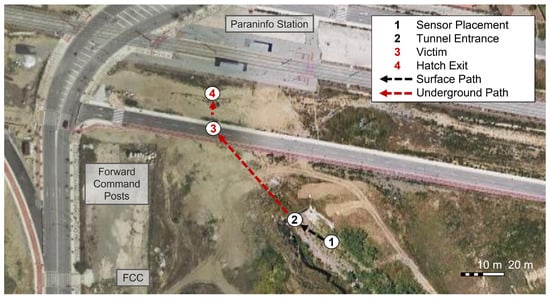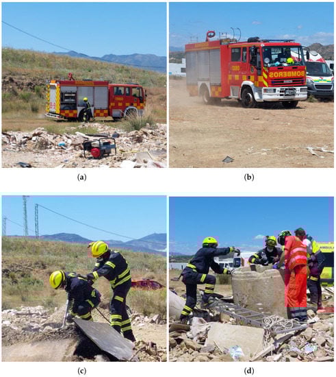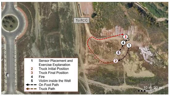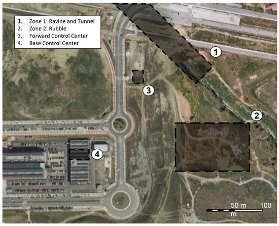 The exercises were conducted as part of an annual workshop organized by the chair of security, emergencies and disasters at Universidad de Málaga (UMA). Exercises were held in two different workshops, on 18 June 2021, and 3 June 2022, respectively. The purpose of the workshops is providing a framework for testing and evaluating new technologies under realistic conditions with the cooperation of members of governmental and non-governmental emergency response organizations. The exercise site was located within the UMA campus, in a 90,000 m plot called the area of experimentation in new technologies for emergencies (LAENTIEC). LAENTIEC was divided into several zones (see Figure 6). Although exercises were carried out in two different years, zones remained unchanged:
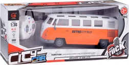 Elegante autobus retrò radiocomandato che offre ai bambini tanto divertimento e sviluppa le loro abilità. Il modello RETRO CITY BUS consente marcia avanti/indietro, sterzata e luci anteriori e posteriori realistiche. Grazie alla robusta struttura in plastica e agli pneumatici in gomma è ideale per una guida fluida in casa.
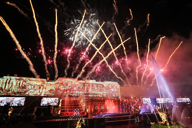 Современные хранители трепетно относятся к идеям основателя Петровского фонтанного парка: словно специально для него, в гротах Большого каскада и на террасах для шоу построили декорации иллюминационных сооружений XVIII-XIX веков. А фейерверки, освещающие небо, копируют исторические салюты.
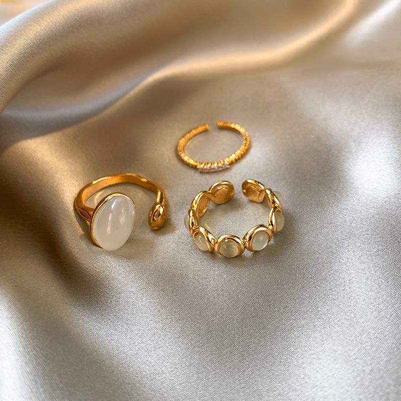 French Gold Cat's Eye Stone Open Ring: Women's Luxurious, Stylish, High-End Versatile Fashion Jewelry.
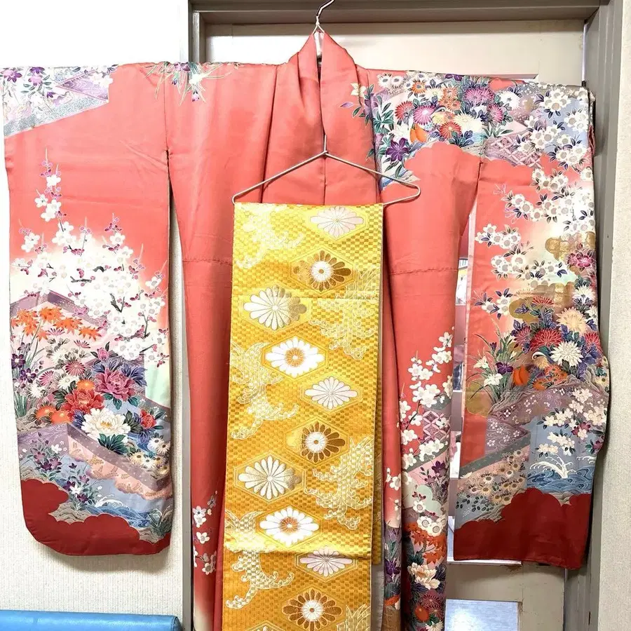 핑크 골드 후리소데 오비 복숭아색 골드 컬러 성인식
=-=-=-=-=
**What is required**
Repeat exactly, please: transcribe each entry and leave out the pictures.

**Solved problem**
 The exercises were conducted as part of an annual workshop organized by the chair of security, emergencies and disasters at Universidad de Málaga (UMA). Exercises were held in two different workshops, on 18 June 2021, and 3 June 2022, respectively. The purpose of the workshops is providing a framework for testing and evaluating new technologies under realistic conditions with the cooperation of members of governmental and non-governmental emergency response organizations. The exercise site was located within the UMA campus, in a 90,000 m plot called the area of experimentation in new technologies for emergencies (LAENTIEC). LAENTIEC was divided into several zones (see Figure 6). Although exercises were carried out in two different years, zones remained unchanged:
 Elegante autobus retrò radiocomandato che offre ai bambini tanto divertimento e sviluppa le loro abilità. Il modello RETRO CITY BUS consente marcia avanti/indietro, sterzata e luci anteriori e posteriori realistiche. Grazie alla robusta struttura in plastica e agli pneumatici in gomma è ideale per una guida fluida in casa.
 Современные хранители трепетно относятся к идеям основателя Петровского фонтанного парка: словно специально для него, в гротах Большого каскада и на террасах для шоу построили декорации иллюминационных сооружений XVIII-XIX веков. А фейерверки, освещающие небо, копируют исторические салюты.
 French Gold Cat's Eye Stone Open Ring: Women's Luxurious, Stylish, High-End Versatile Fashion Jewelry.
 핑크 골드 후리소데 오비 복숭아색 골드 컬러 성인식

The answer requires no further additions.